Sorry if this question has already been asked...
I have a 900 gallon pond full of over sexed goldfish, in the past Ive shipped them on to LFS, e-bay etc. Ive been thinking of adding a species of coldwater fish to keep the numbers of goldfish down. I had even thought of using perch, as an angler I know what these little fish are like for eating small fish, but the down side, once grown, an adult perch could easly eat any of my adult goldfish!
If anyone has an idea for a small pond, to keep the numbers down, (_Not my wifes idea of bromide_) Im all ears!

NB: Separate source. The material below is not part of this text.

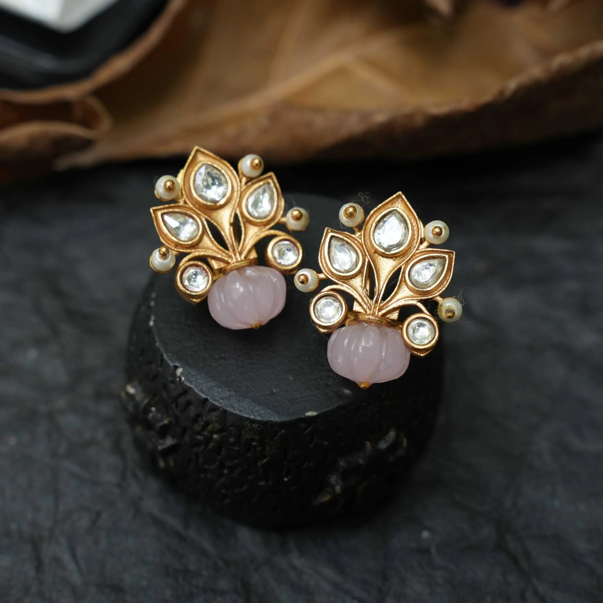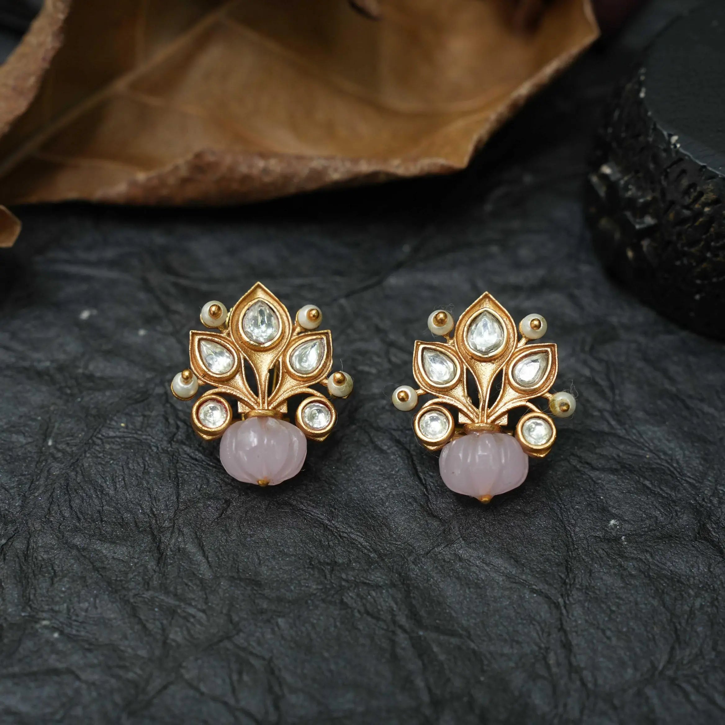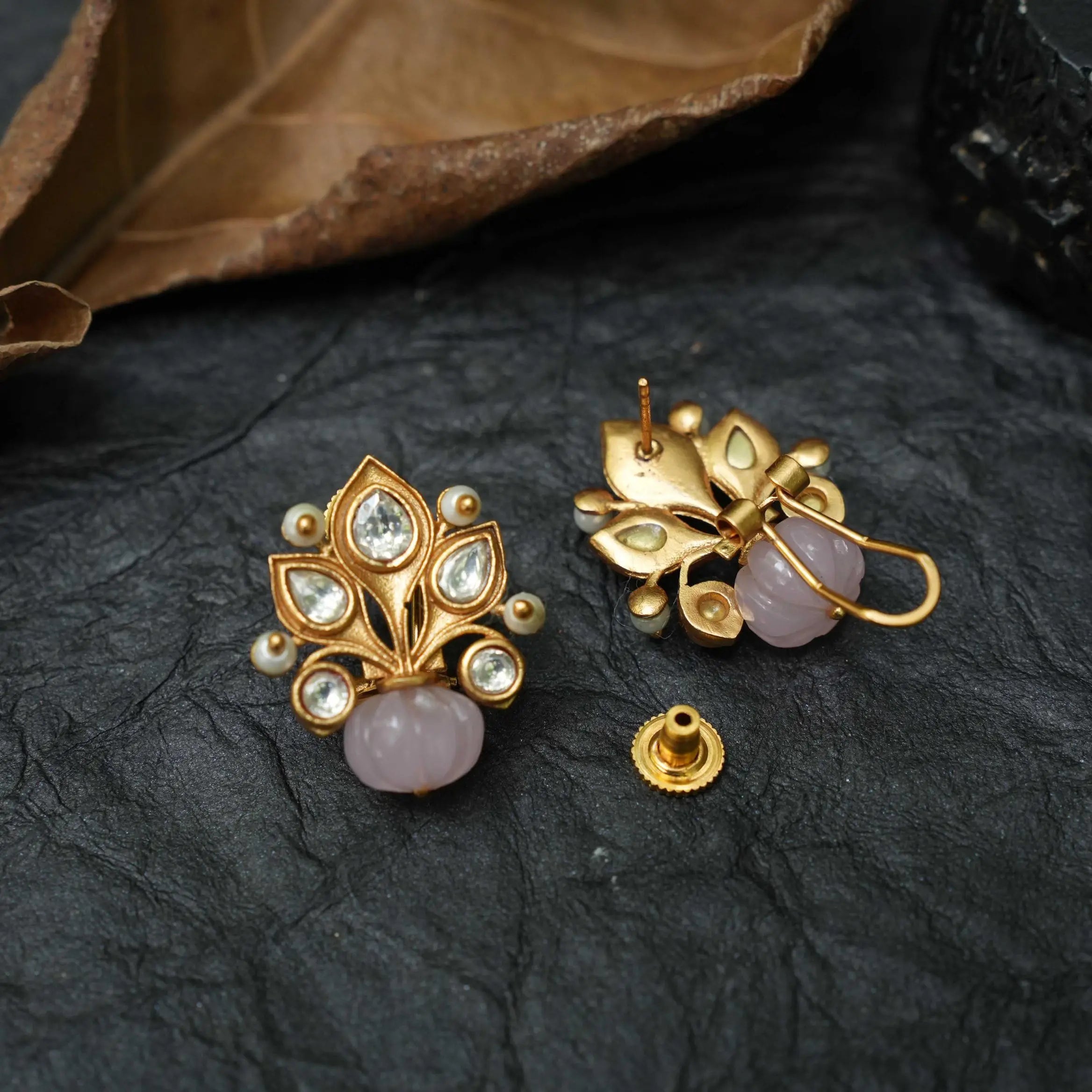 Hira Polki Ear Stud - Pastel Pink

On a different subject, Ive now replanted my pond and seen the post by ceg4048 but and am a little unsure about using garden ferts in a pond with fish. What is a safe dosing level?


----------



## Ed Seeley (29 Mar 2009)

Can't help on the ferts, my koi produce plenty of nutrients for the plants in my pond and, as I want my koi to grow as much as possible, the last thing I want to do is increase the TDS by adding ferts!  I spend all my time doing lots of filter cleanings to keep it down!

As to the breeding then there are some semi-predatory fish you could use.  Orfe are close relatives of chub and will eat any small fish.  However in many ponds the parent fish will eat the eggs and fry and keep numbers down.  Is your pond very heavily planted?  If so there may be too many places to hide.  I think your idea of a small shoal of perch might work really well.  Once they get to 8" or so (probably in a couple of years) I'm sure a good LFS will happily swap them for smaller ones as someone is bound to snap big perch up as they'd make really great coldwater oddball fish for someone who likes predatory fish!  They'd look great in a large tank with bamboo sticks to look like reeds!


----------



## Acrantophis (9 Apr 2009)

Go out and buy some spawning ropes, let the Goldfish spawn into these and then remove the ropes before they eggs hatch. This should keep the numbers down with the minimal amount of effort on your part.


----------



## Swampy (18 Apr 2009)

Acrantophis said:
			
		

> Go out and buy some spawning ropes, let the Goldfish spawn into these and then remove the ropes before they eggs hatch. This should keep the numbers down with the minimal amount of effort on your part.



That's a good idea, ill try that.


----------